As I have said, the judicial review proceedings were begun in January 2007. They were unsuccessful before Burton J on 15 March 2007. On 20 April 2007 Scott Baker LJ adjourned the permission to appeal application to hearing on notice, with the appeal to follow if permission were granted. So it comes before us today. We have heard Mr Squires for the claimant open his appeal as though it had permission. I will indicate at the end of this judgment my view on whether permission should be granted and if so what consequences.
There are, in summary, four grounds on which Mr Squires challenges the school’s approach. First, they did not amount to “a reinstatement” within the meaning of the 2002 regulations. Secondly, and in any event, the judge misread the guidance of the House of Lords in the leading case of Ex parte L [2003] 2 AC 633. In particular, Mr Squires says that the majority in that case required whatever regime was put in place to be “consistent in his status as a pupil” and that is not fulfilled by proposals which involve effective isolation from the rest of the school for a large part of the school year. Thirdly, too much weight was put by the teacher on the alleged threat of disruption by the NUT, which Mr Squires says was not in pursuant to the law of trade disputes. Fourthly, there was a failure to provide tuition in accordance with the national curriculum, as required by the relevant Act.
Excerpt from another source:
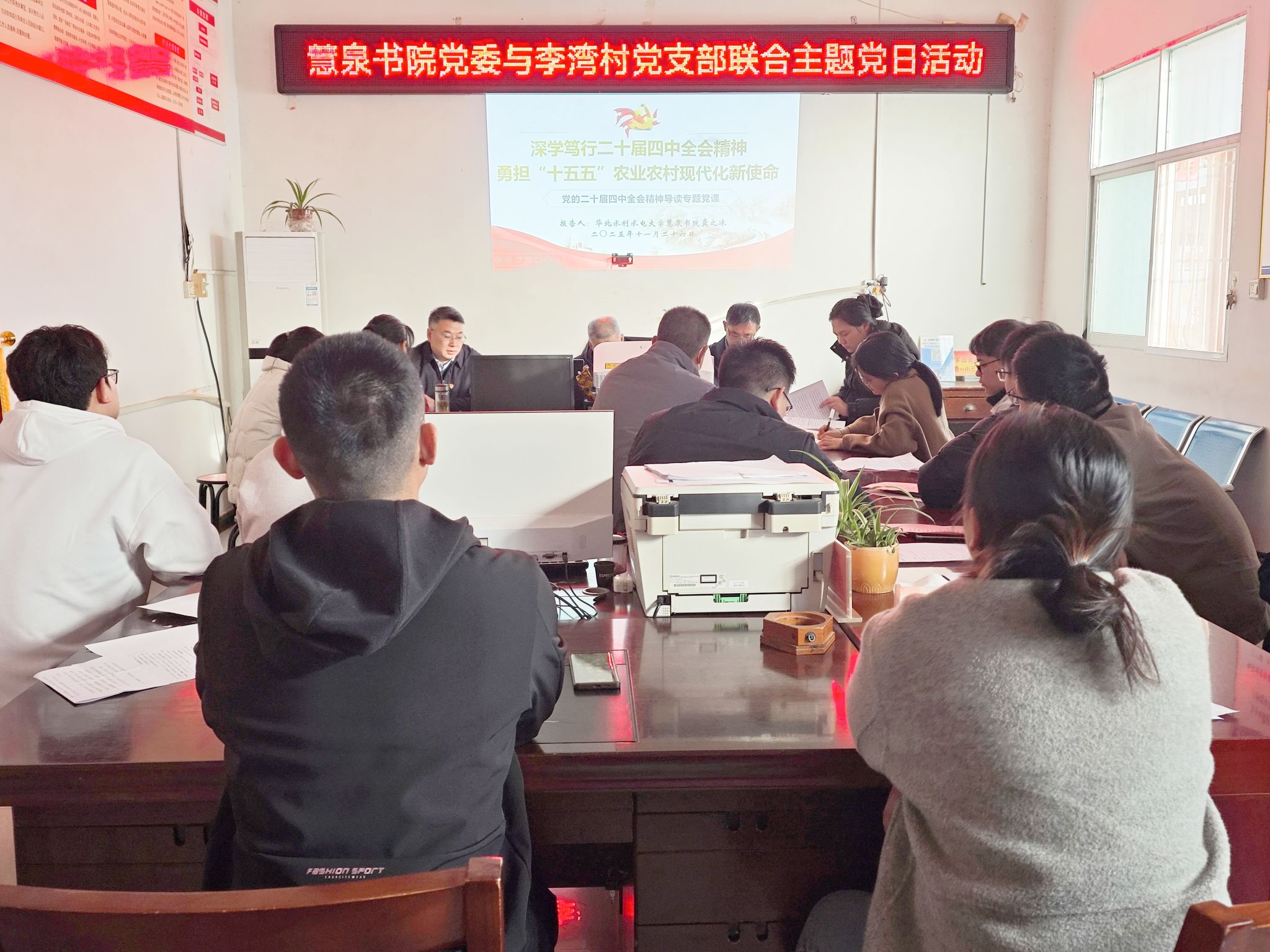 11月26日,慧泉书院党委赴罗山县尤店乡李湾村联合开展“学习贯彻党的二十届四中全会精神 以‘党建+’赋能和美乡村建设”主题党日活动,推动全会精神在基层和师生中落地生根,探索书院与村党支部理论联学、活动联办、工作联动、支部联建、品牌联创“五联”党建工作模式,助力党建引领基层高效能治理、思想政治教育和乡村全面振兴。书院党委书记龚之冰、院长李幸福、尤店乡副乡长方金明,书院理论学习中心组成员、师生党员代表、李湾村两委党员代表、校驻李湾村工作队共同参加主题党日活动。校驻村第一书记贾振亮主持活动。

On the first two points, which concern the meaning of the word “reinstatement”, the judge took the view that the law in this area was effectively settled by the House of Lords in the case of L. In my view, he was right so to do. That was a case which had many similarities with this, in the sense that there was an exclusion following a violent incident and the school was then faced with difficulties in the face of threatened industrial action by the union. The head-note in the law reports reads as follows:
“Held, dismissing the appeal, that ‘reinstate’ within Section 67 of the 1988 Act connoted restoration of the legal relationship between of the school community, not as a mere formality but as the resumption of a status which carried with it statutory and common law obligations owed by the school to all its pupils; that, since the panel’s jurisdiction under Section 67 was confined solely to the question of whether permanently excluded pupil should be reinstated, any direction it made was expressed in neutral terms, irrespective of the base on which the decision had been reached, and without conditions to the manner in which reinstatement might be managed; that it was for the head teacher and the governors, having performed their duties and complied with the direction, and taking account of their countervailing obligations, in particular to other pupils and staff, to make appropriate arrangements thereafter for the pupils’ management within the school community; that, having regard to the Divisional Court’s finding of good faith in the circumstances, including the teachers’ threat of action, L had been reinstated within the statutory meaning. the regime thereafter imposed on him was a permissible response consistent with treating him as a pupil at the school, and that, accordingly the headteacher’s and governors’ action had not been unlawful.”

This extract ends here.